**WHAT TO DO:** For this exercise, the lines from the one with "Дворы и входы" through the final line of the data below are to be transcribed exactly, and pictures are to be skipped.

Stored items
---*---

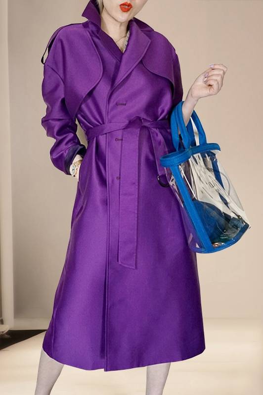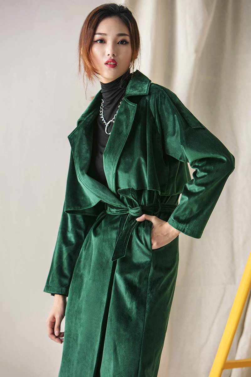 稀有概率2018春季复古丝绒外套女中长款气质收腰风衣女长款过膝
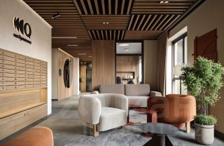 Дворы и входы в подъезды выполнены без пандусов и ступеней. Входные группы оформлены в современном стиле с природными оттенками. Холлы выполнены по авторскому дизайн-проекту и включают домофоны в тёплых зонах, бесшумные скоростные лифты, места ожидания, паркинг для колясок.
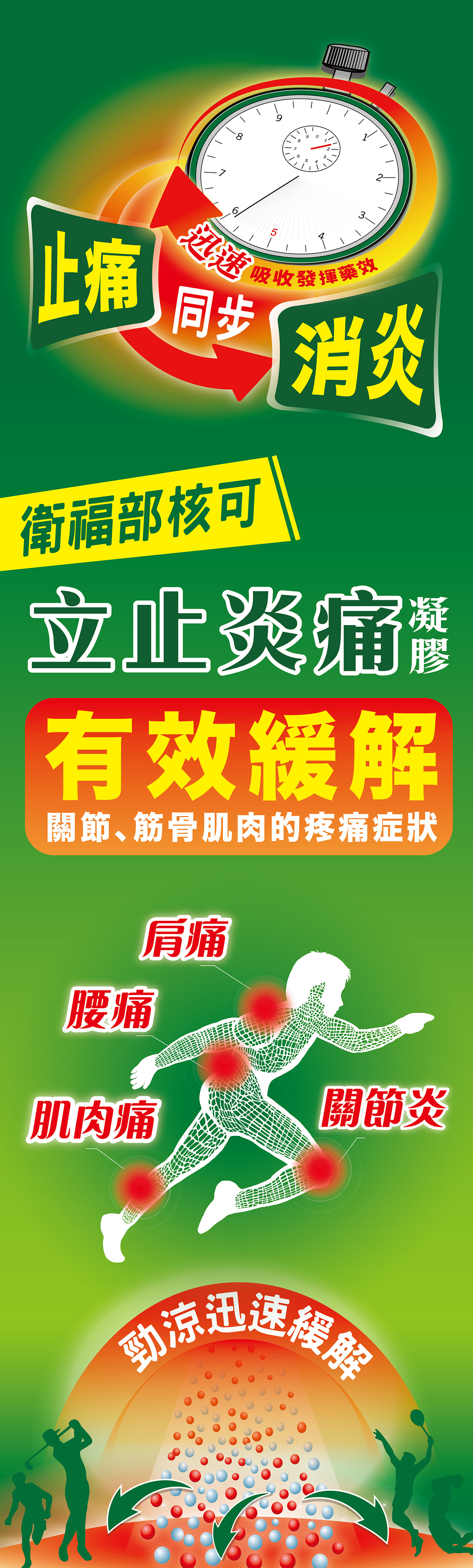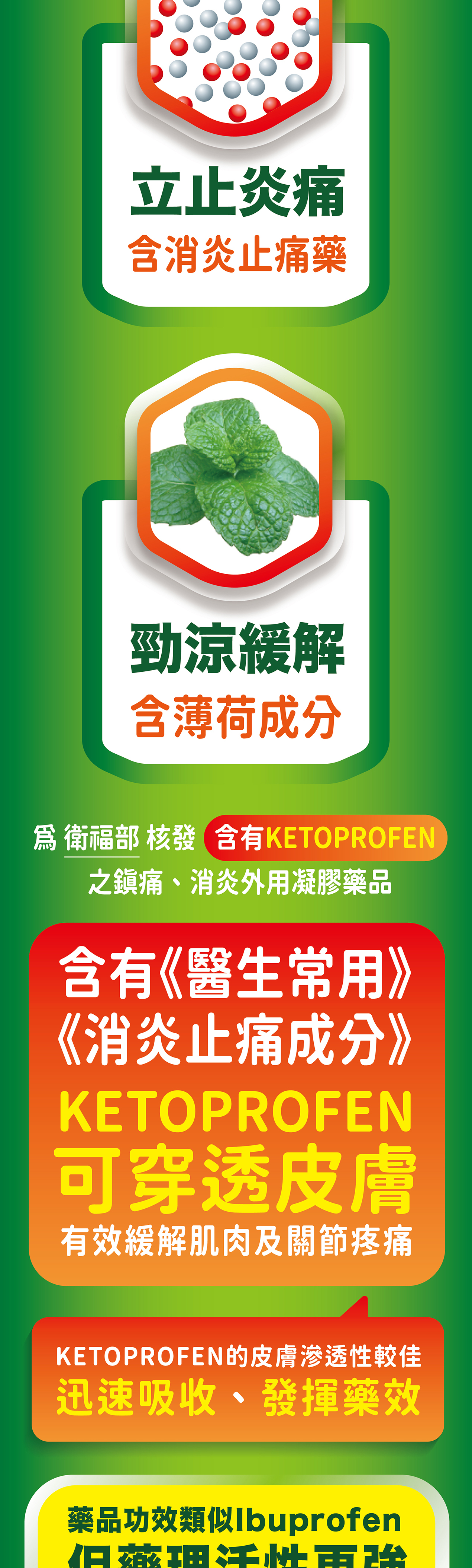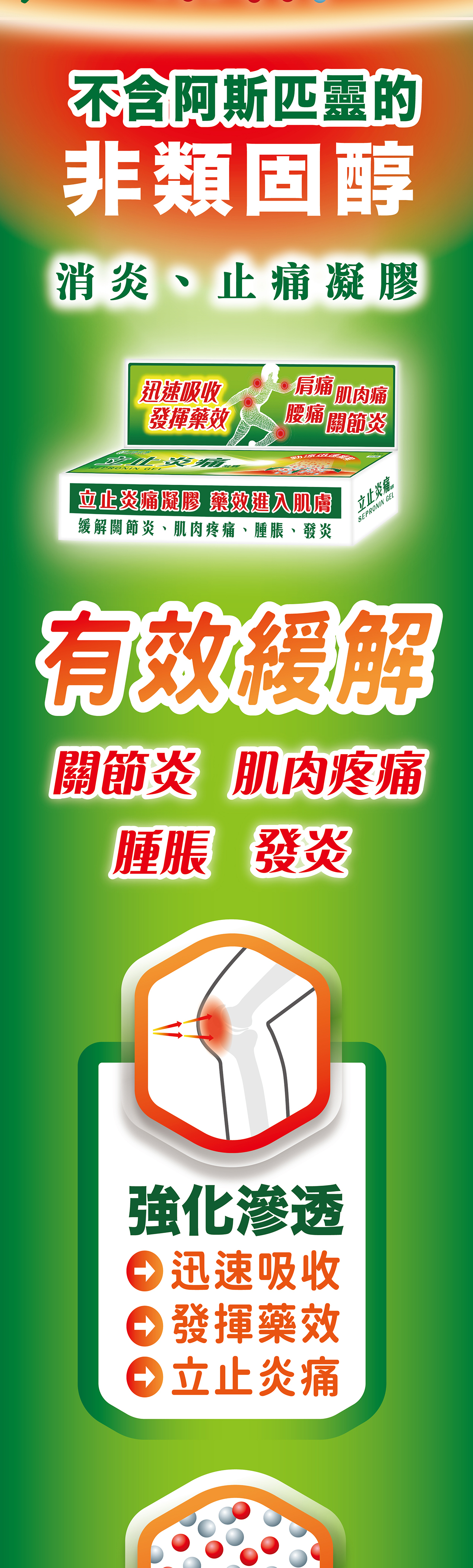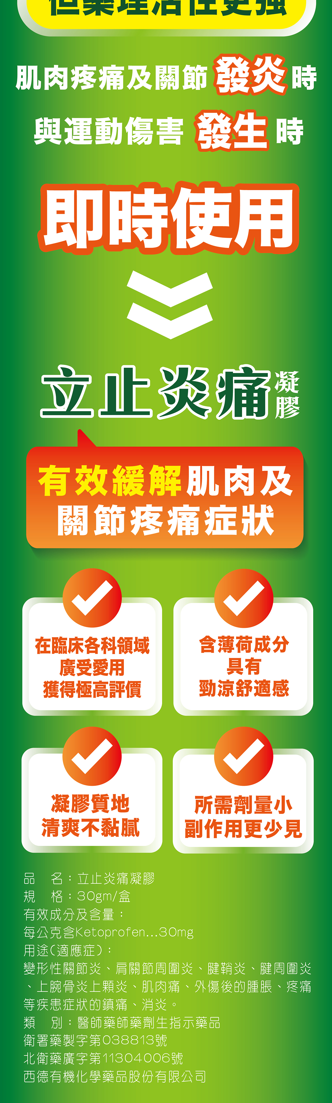 ·用途(適應症):變形性關節炎、肩關節周圍炎、腱鞘炎、腱周圍炎、上腕骨炎上顆炎、肌肉痛、外傷後的腫脹、疼痛等疾患症狀的鎮痛、消炎。
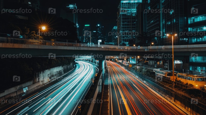 Динамичный городской пейзаж демонстрирует оживленные автомагистрали с быстро движущимися огнями под ярким ночным небом
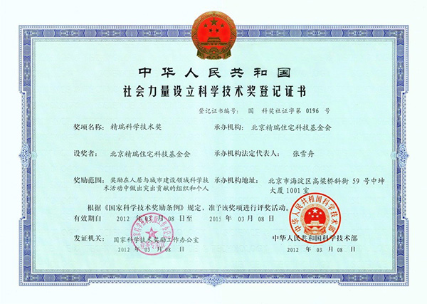 精瑞科學(xué)技術(shù)獎(jiǎng)簡(jiǎn)稱“精瑞獎(jiǎng)”,是經(jīng)國(guó)家科技部、國(guó)家科學(xué)技術(shù)獎(jiǎng)勵(lì)工作辦公室批準(zhǔn),由精瑞科技基金會(huì)設(shè)立,是國(guó)家社會(huì)力量設(shè)立科學(xué)技術(shù)獎(jiǎng)的重要組成部分,在全國(guó)工商聯(lián)房地產(chǎn)商會(huì)指導(dǎo)下,開展人居與城市建設(shè)領(lǐng)域的獎(jiǎng)勵(lì)工作!熬皙(jiǎng)”每年評(píng)選一次,現(xiàn)已成功舉辦12屆,成為中國(guó)人居與城市建設(shè)領(lǐng)域最具權(quán)威性、專業(yè)性與示范性的獎(jiǎng)項(xiàng)。是目前唯一被批準(zhǔn)在中國(guó)人居領(lǐng)域進(jìn)行表彰與獎(jiǎng)勵(lì)工作的國(guó)家級(jí)科技獎(jiǎng)項(xiàng)。
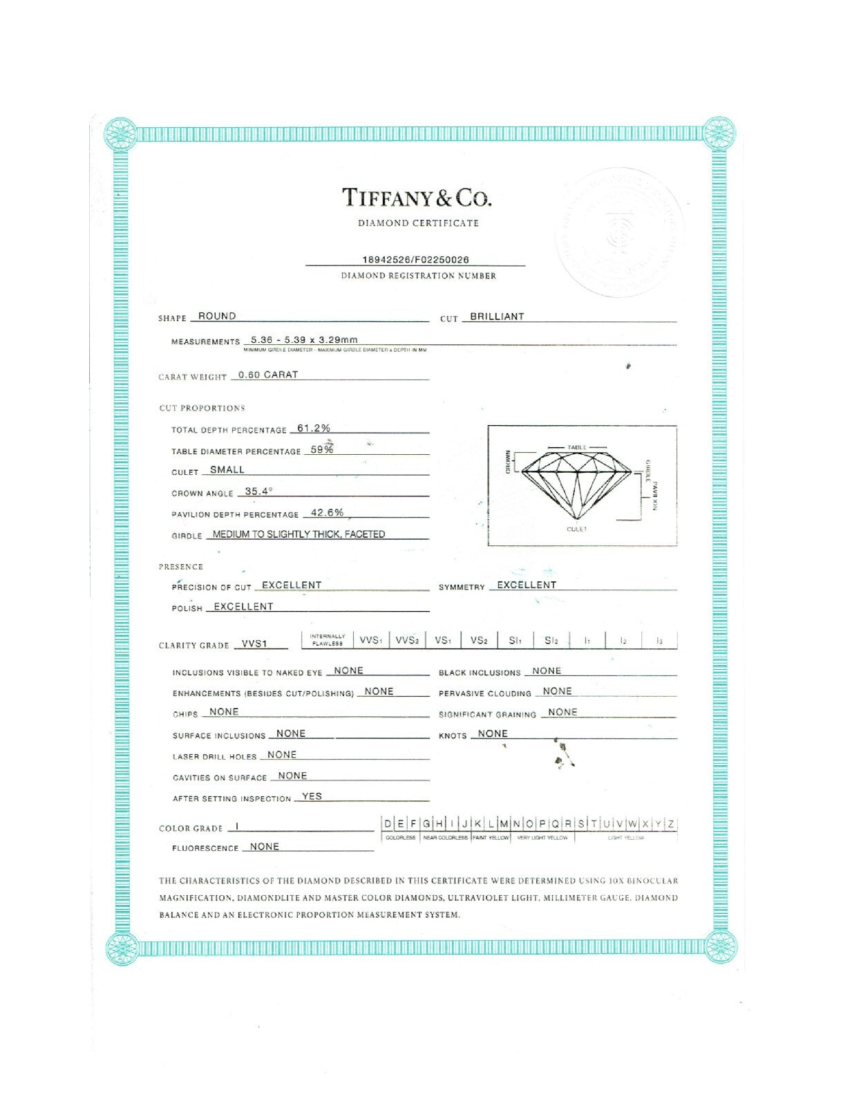 T&C Diamond Certificate: 18942526/F02250026

---*---

**TASK OUTPUT:**
 Дворы и входы в подъезды выполнены без пандусов и ступеней. Входные группы оформлены в современном стиле с природными оттенками. Холлы выполнены по авторскому дизайн-проекту и включают домофоны в тёплых зонах, бесшумные скоростные лифты, места ожидания, паркинг для колясок.
 ·用途(適應症):變形性關節炎、肩關節周圍炎、腱鞘炎、腱周圍炎、上腕骨炎上顆炎、肌肉痛、外傷後的腫脹、疼痛等疾患症狀的鎮痛、消炎。
 Динамичный городской пейзаж демонстрирует оживленные автомагистрали с быстро движущимися огнями под ярким ночным небом
 精瑞科學(xué)技術(shù)獎(jiǎng)簡(jiǎn)稱“精瑞獎(jiǎng)”,是經(jīng)國(guó)家科技部、國(guó)家科學(xué)技術(shù)獎(jiǎng)勵(lì)工作辦公室批準(zhǔn),由精瑞科技基金會(huì)設(shè)立,是國(guó)家社會(huì)力量設(shè)立科學(xué)技術(shù)獎(jiǎng)的重要組成部分,在全國(guó)工商聯(lián)房地產(chǎn)商會(huì)指導(dǎo)下,開展人居與城市建設(shè)領(lǐng)域的獎(jiǎng)勵(lì)工作!熬皙(jiǎng)”每年評(píng)選一次,現(xiàn)已成功舉辦12屆,成為中國(guó)人居與城市建設(shè)領(lǐng)域最具權(quán)威性、專業(yè)性與示范性的獎(jiǎng)項(xiàng)。是目前唯一被批準(zhǔn)在中國(guó)人居領(lǐng)域進(jìn)行表彰與獎(jiǎng)勵(lì)工作的國(guó)家級(jí)科技獎(jiǎng)項(xiàng)。
 T&C Diamond Certificate: 18942526/F02250026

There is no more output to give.